In 2021, Smith joined Te Whare Wānanga o Awanuiārangi as a distinguished professor. She became the first Māori scholar to be elected into the American Academy of Arts and Sciences in 2021.

The Rutherford Medal, the top honour from the Royal Society Te Apārangi, was awarded to Smith in 2023 "for her preeminent role in advancing education and research for Te Ao Māori, her groundbreaking scholarship in decolonisation of research methodologies, and her pioneering contribution to transforming research for Indigenous Peoples globally." She said of this award: "I think it’s important for us for Māori, for indigenous peoples, to have our knowledge recognised, and to occupy and create spaces inside the big institutions of knowledge."

In 2023 she was also awarded the Prime Minister's award for non-fiction, in which she was cited as "the first wahine Māori to receive the Non-fiction award".

=== Decolonizing Methodologies ===

Smith is the author of Decolonizing Methodologies: Research and Indigenous Peoples (Zed Books, 1999, 2012, and 2021), a critical analysis of the role of Western scholarly research in the process of colonization of indigenous peoples.

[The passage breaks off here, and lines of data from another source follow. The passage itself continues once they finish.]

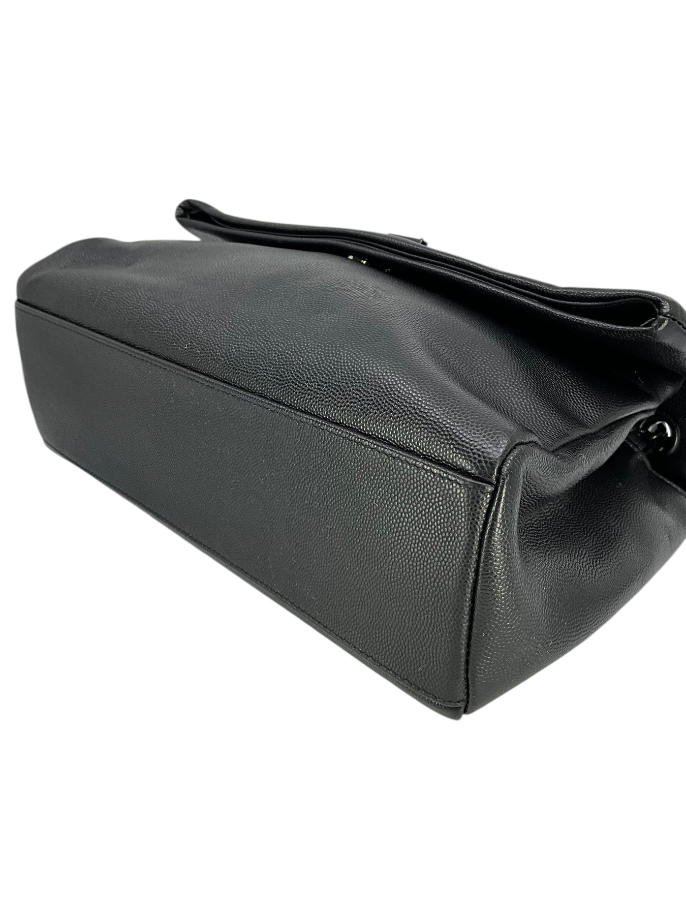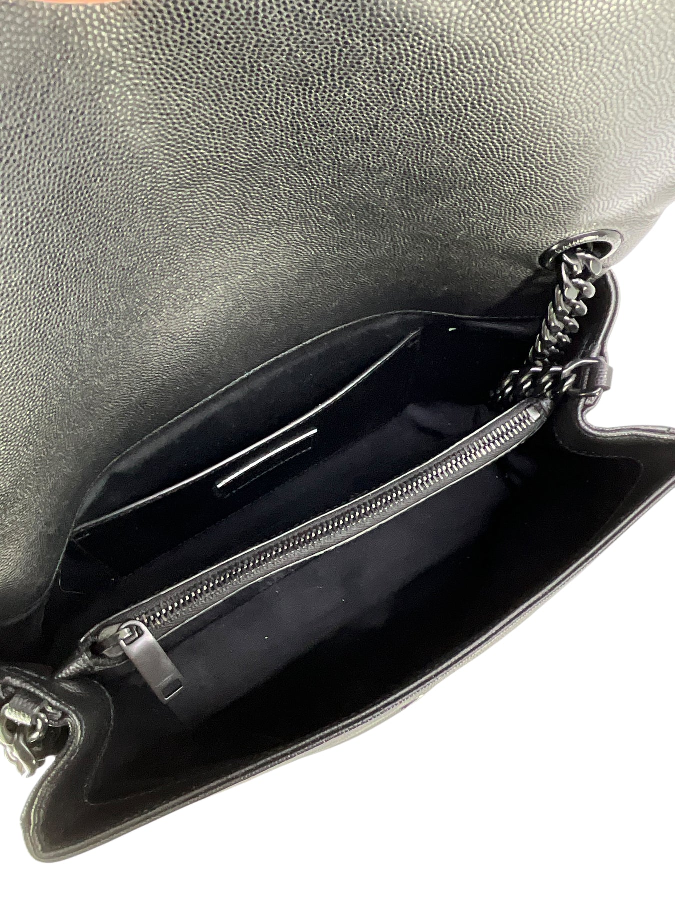 Condition: Very Good. The Front of the bag has creasing and indentation marks from the chain shoulder strap. No obvious marks or scuffs are present. The interior is clean and beautiful.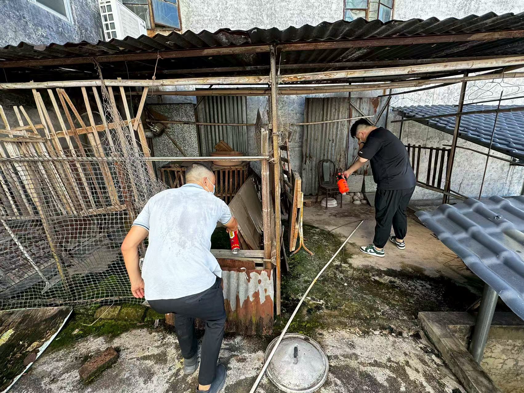 期间,针对各类露天容器、低洼易积水处及排水沟渠,党员干部帮助居民翻盆倒罐,彻底清理,同步巡查居民阳台、院落,指导并协助居民清理家中无用积水容器,提醒妥善管理水生植物。同时对绿化带、卫生死角积存的垃圾、落叶进行集中清理,疏通堵塞沟渠,清除各类废弃杂物,系统铲除蚊虫藏匿与滋生的空间,并组织药物喷洒消杀,发动群众参与到爱国卫生运动。“我们积极响应县委、县政府的号召,并采取了科学有效的消杀措施,积极入户排查登记、倒积水,清理生活垃圾、卫生死角、‘网格化’全面排查等,确保此次基孔肯雅热疫情防控工作落实到点、落实到人。”镇包村(社区)干部、市北社区工作组组长黄奕鸿说。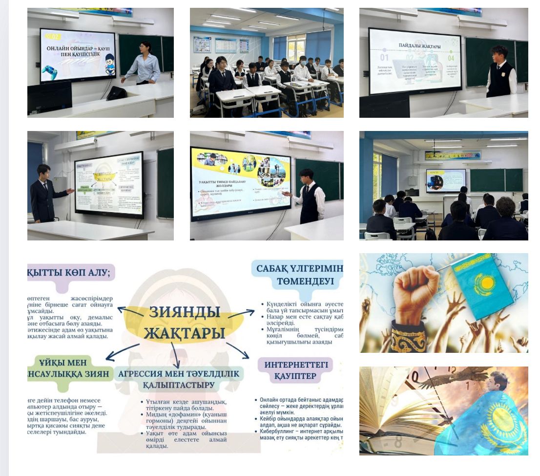 Сабақ барысында оқушыларға онлайн ойындардың оң және теріс жақтары жайлы ақпарат берілді. Сынып жетекшілері оқушыларға мынадай маңызды аспектілерді түсіндірді: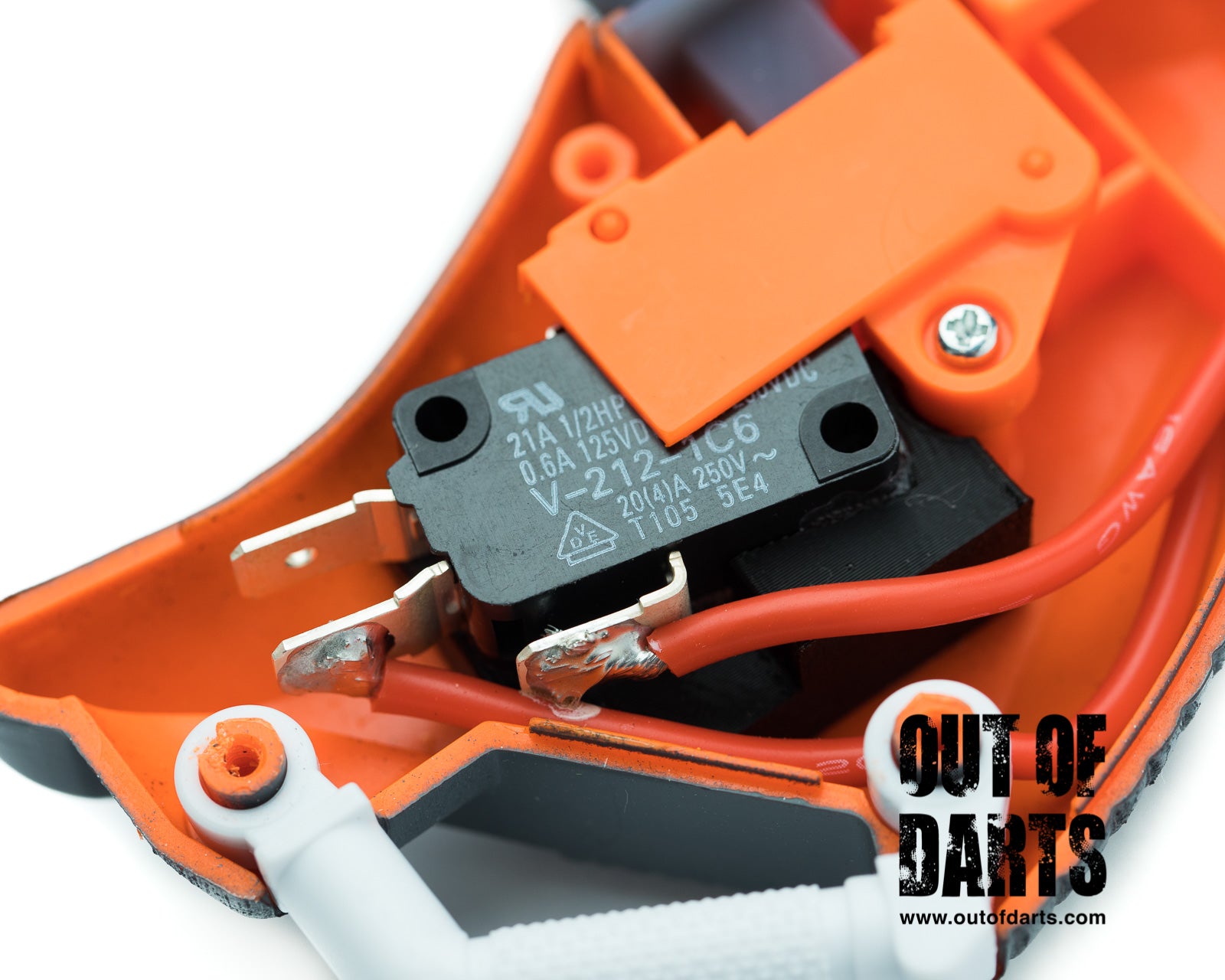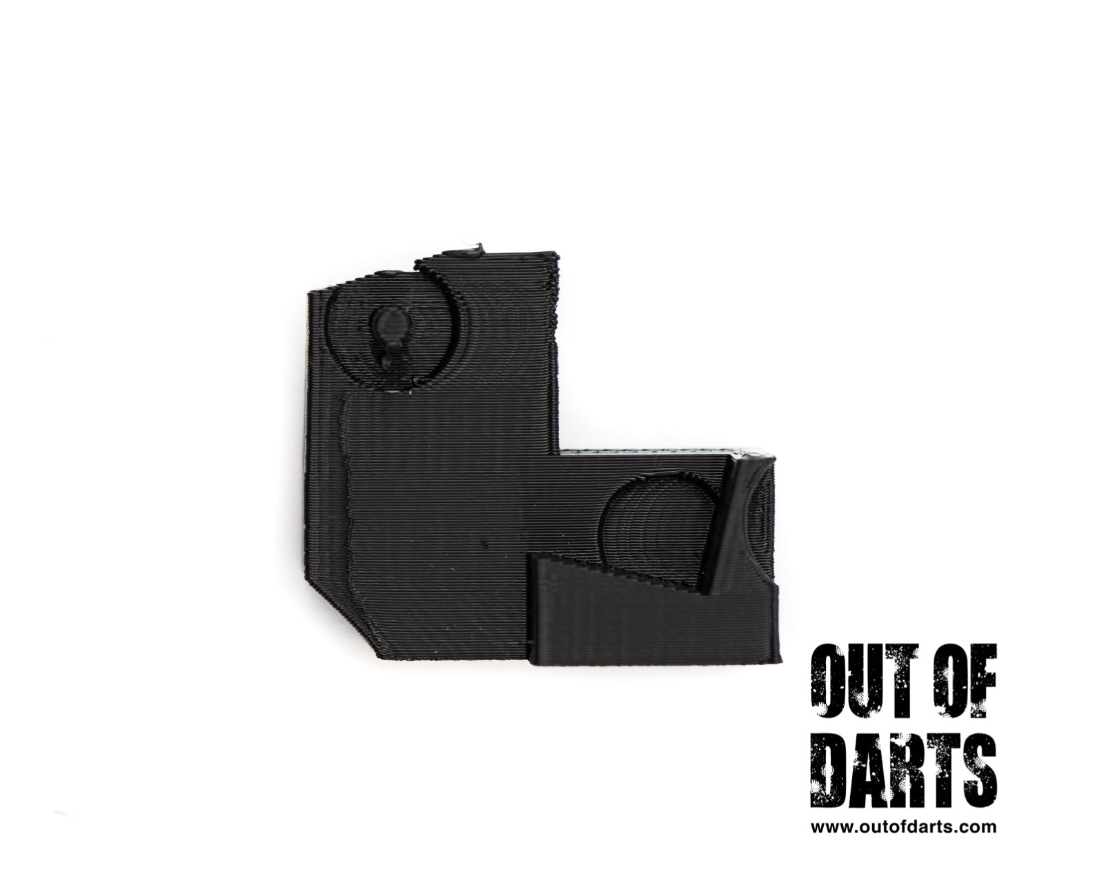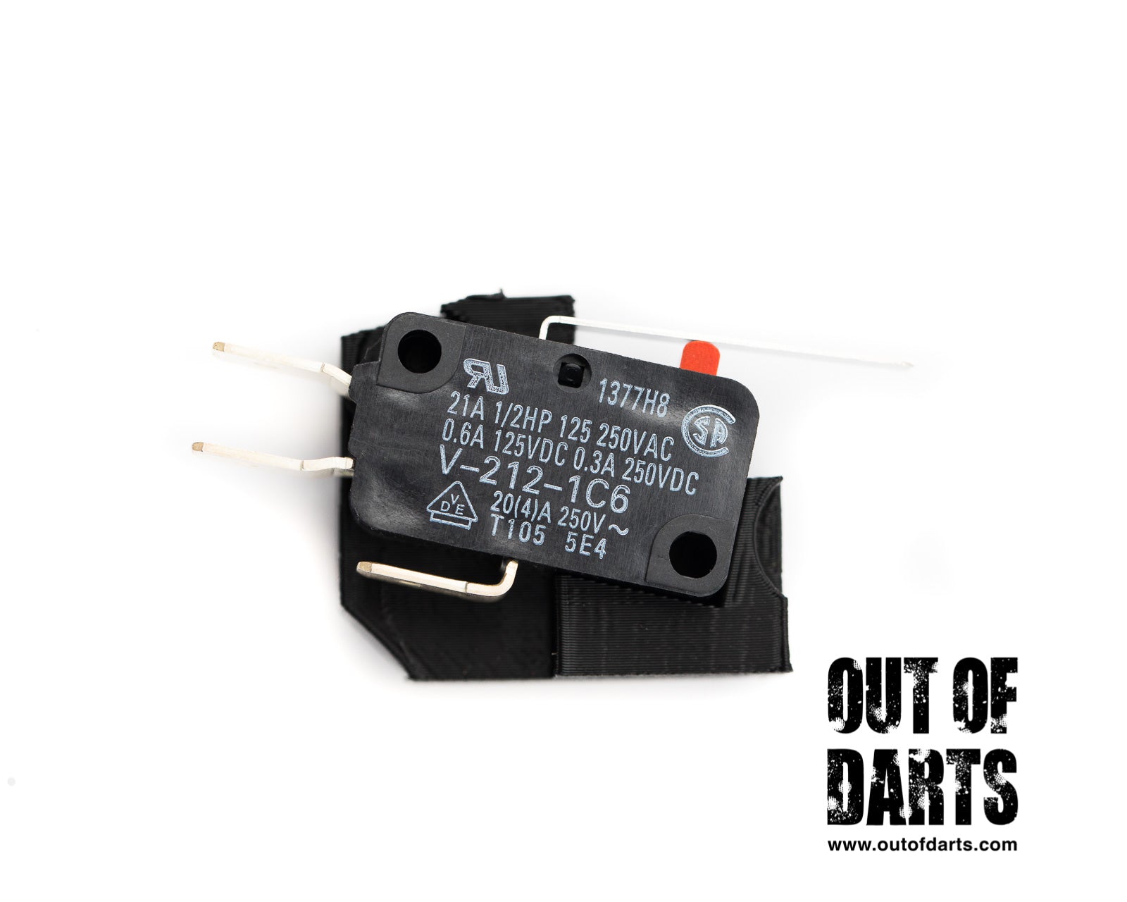 After building dozens of Stryfes, Luke made a switch plate to make installation easier and more reliable. This 3D printed Stryfe Switch Mounting Plate is the final product designed specifically for the Nerf Stryfe. It allows for a very simple installation of the rev trigger. This is designed for the 21A/15 Omron and clone switches we carry, creating an ideal trigger switch placement.

This work is considered a major contribution to research methods in social justice research. In a 2023 news item, the Royal Society Te Apārangi noted it has been translated into five languages and has 283,000 citations to date. In 2025 it was selected as one of the 180 most significant works of Māori-authored non-fiction through inclusion in Books of Mana.

==Personal life==
Smith is married to fellow academic Graham Smith.

==Selected works==
- Smith, Linda Tuhiwai. Decolonizing methodologies: Research and indigenous peoples. Zed Books, 1999.
- Denzin, Norman K.; Yvonna S. Lincoln; and Linda Tuhiwai Smith, eds. Handbook of critical and indigenous methodologies. Sage, 2008.
- Smith, Linda Tuhiwai. "On tricky ground: Researching the native in the age of uncertainty." In N. Denzin and Y. Lincoln (eds.), The Sage handbook of qualitative research (2005): 85-107.
- Smith, Linda Tuhiwai. "Kaupapa Māori research." In M. Battiste (ed.), Reclaiming indigenous voice and vision (2000): 225–247.
- Cram, Fiona, Linda Smith, and Wayne Johnstone. Mapping the themes of Māori talk about health. (2003).
- Smith, Linda Tuhiwai. "Building a research agenda for indigenous epistemologies and education." Anthropology & Education Quarterly 36, no. 1 (2005): 93–95.